=== The problem ===
Beginning with the line that contains "W. Becker C:XF,VF", retype the entries below exactly, ending with the line that contains "下記のメニューの他にも旬なものをご用意してお待ちしております。". Leave out any pictures.

=== Data supplied ===
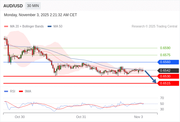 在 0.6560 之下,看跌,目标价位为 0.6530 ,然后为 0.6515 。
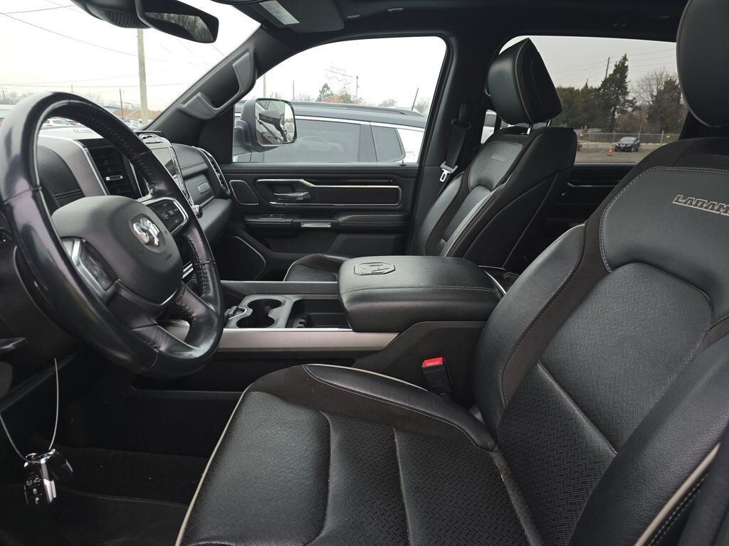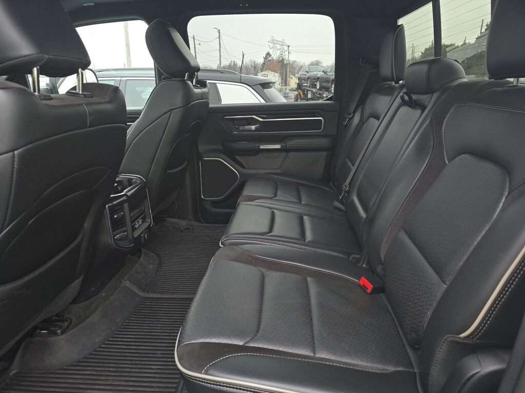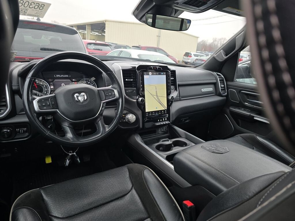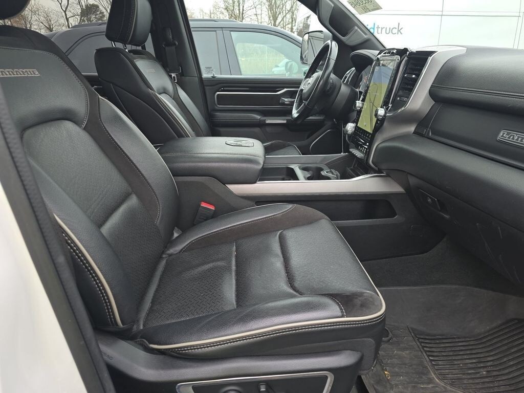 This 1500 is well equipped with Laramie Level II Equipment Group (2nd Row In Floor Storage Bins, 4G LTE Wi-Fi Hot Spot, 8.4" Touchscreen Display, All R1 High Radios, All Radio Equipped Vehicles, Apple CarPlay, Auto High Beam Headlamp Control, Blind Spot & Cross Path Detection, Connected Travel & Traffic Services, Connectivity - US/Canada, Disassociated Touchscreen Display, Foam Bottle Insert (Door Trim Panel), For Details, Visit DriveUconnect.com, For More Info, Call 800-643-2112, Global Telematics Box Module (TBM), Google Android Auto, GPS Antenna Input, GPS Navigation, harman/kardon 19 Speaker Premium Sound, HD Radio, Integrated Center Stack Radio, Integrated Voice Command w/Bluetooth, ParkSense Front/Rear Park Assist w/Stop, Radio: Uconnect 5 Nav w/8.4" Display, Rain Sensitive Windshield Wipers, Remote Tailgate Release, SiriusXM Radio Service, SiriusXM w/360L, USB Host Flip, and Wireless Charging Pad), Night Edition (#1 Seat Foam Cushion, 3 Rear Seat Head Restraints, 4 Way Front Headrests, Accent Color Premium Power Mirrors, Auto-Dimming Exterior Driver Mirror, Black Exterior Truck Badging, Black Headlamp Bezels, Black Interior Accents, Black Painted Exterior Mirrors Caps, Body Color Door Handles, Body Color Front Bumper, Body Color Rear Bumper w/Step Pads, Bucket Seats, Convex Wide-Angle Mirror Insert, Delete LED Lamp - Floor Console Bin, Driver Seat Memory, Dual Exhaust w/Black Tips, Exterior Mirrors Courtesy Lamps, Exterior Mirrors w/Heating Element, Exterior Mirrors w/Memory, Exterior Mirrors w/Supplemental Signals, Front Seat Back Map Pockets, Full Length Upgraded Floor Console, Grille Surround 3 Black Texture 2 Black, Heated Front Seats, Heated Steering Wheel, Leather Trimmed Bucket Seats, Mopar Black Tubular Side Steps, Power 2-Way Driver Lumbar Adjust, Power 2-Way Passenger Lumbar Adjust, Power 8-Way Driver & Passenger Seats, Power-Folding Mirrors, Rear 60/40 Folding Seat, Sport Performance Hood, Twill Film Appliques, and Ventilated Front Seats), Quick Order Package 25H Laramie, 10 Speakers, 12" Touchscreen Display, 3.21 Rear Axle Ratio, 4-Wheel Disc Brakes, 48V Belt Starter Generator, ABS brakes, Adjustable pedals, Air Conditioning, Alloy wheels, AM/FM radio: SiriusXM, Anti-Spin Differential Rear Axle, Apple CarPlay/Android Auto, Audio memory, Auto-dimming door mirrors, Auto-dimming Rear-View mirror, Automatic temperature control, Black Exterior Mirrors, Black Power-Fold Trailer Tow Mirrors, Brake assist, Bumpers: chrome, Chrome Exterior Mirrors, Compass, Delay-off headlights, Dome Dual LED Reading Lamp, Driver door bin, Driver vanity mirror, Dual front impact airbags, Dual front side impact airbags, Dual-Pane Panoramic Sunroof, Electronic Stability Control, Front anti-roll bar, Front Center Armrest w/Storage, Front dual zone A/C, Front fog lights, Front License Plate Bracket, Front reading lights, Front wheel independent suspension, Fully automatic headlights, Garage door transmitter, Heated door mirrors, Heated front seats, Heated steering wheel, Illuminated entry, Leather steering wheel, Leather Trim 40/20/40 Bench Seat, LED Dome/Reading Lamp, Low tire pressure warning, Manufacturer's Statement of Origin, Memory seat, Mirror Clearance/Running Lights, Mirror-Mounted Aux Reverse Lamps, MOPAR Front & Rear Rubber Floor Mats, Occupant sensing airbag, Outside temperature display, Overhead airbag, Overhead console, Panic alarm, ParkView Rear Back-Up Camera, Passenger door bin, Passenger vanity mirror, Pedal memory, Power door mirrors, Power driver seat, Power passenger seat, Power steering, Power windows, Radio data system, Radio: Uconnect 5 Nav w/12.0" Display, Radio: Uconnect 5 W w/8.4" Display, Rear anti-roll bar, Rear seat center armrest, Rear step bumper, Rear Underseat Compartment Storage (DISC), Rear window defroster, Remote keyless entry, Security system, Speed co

--

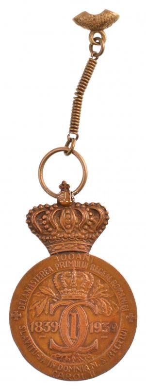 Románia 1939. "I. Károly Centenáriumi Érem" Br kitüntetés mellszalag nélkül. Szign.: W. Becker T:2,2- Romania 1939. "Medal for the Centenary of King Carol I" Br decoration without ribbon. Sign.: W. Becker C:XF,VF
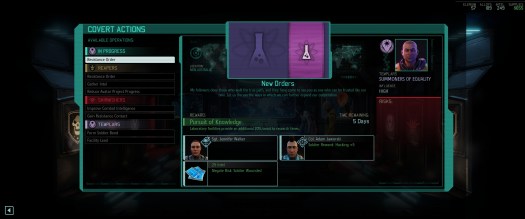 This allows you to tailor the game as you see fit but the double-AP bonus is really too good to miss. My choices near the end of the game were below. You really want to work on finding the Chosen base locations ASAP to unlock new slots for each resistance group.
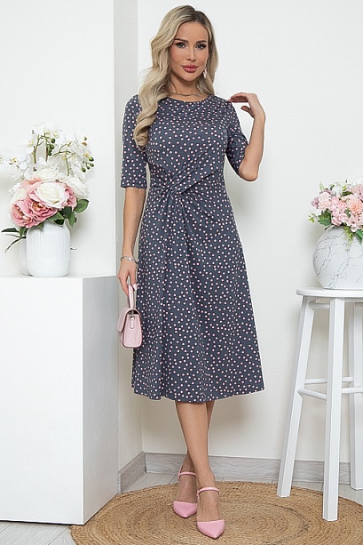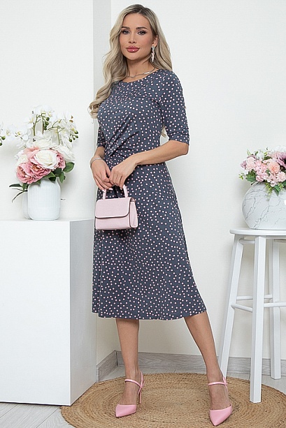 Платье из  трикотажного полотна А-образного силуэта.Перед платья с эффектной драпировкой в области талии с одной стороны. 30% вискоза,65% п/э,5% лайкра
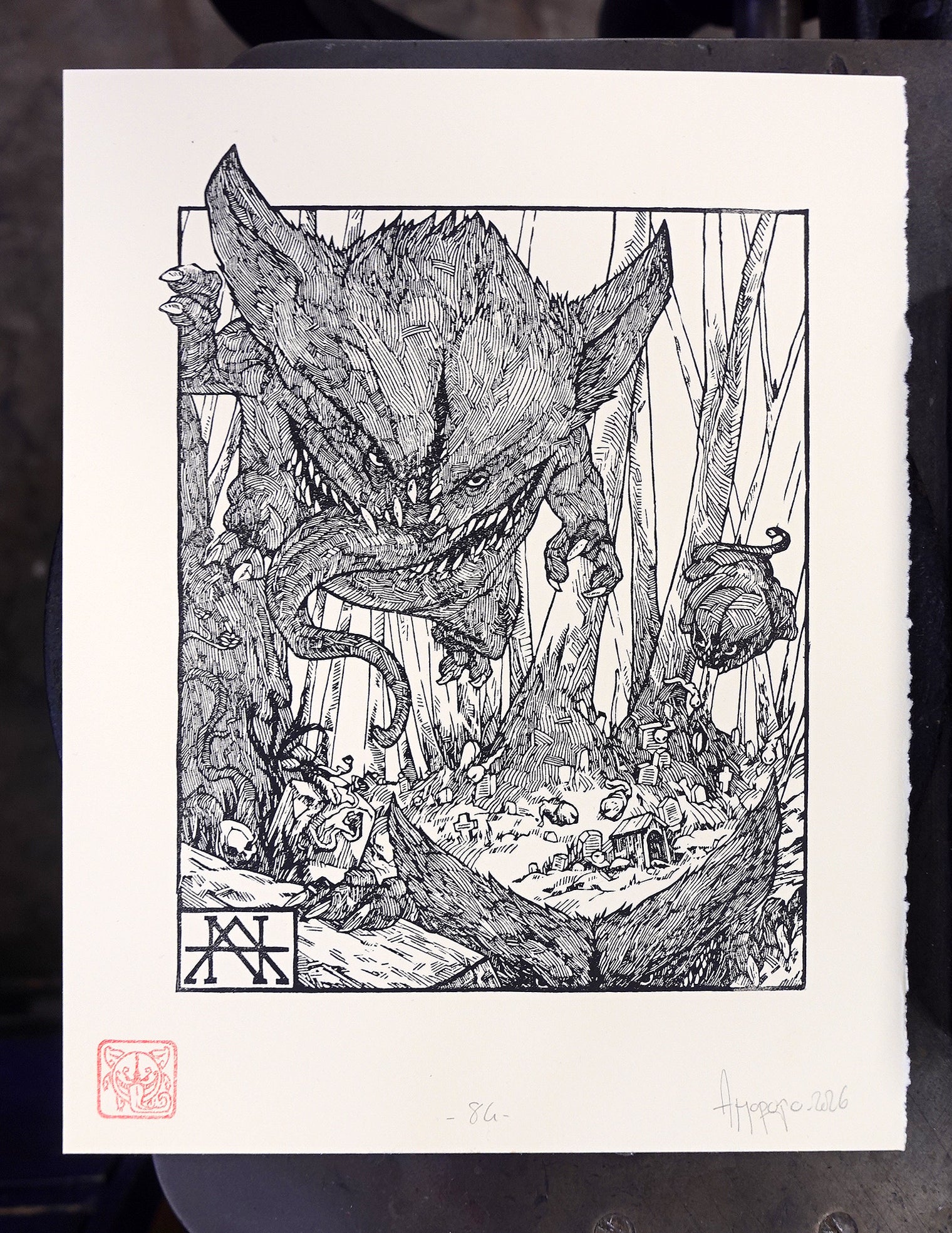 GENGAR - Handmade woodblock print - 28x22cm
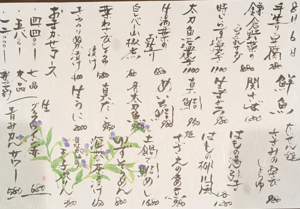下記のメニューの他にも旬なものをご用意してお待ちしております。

=== Problem solution ===
 Románia 1939. "I. Károly Centenáriumi Érem" Br kitüntetés mellszalag nélkül. Szign.: W. Becker T:2,2- Romania 1939. "Medal for the Centenary of King Carol I" Br decoration without ribbon. Sign.: W. Becker C:XF,VF
 This allows you to tailor the game as you see fit but the double-AP bonus is really too good to miss. My choices near the end of the game were below. You really want to work on finding the Chosen base locations ASAP to unlock new slots for each resistance group.
 Платье из  трикотажного полотна А-образного силуэта.Перед платья с эффектной драпировкой в области талии с одной стороны. 30% вискоза,65% п/э,5% лайкра
 GENGAR - Handmade woodblock print - 28x22cm
下記のメニューの他にも旬なものをご用意してお待ちしております。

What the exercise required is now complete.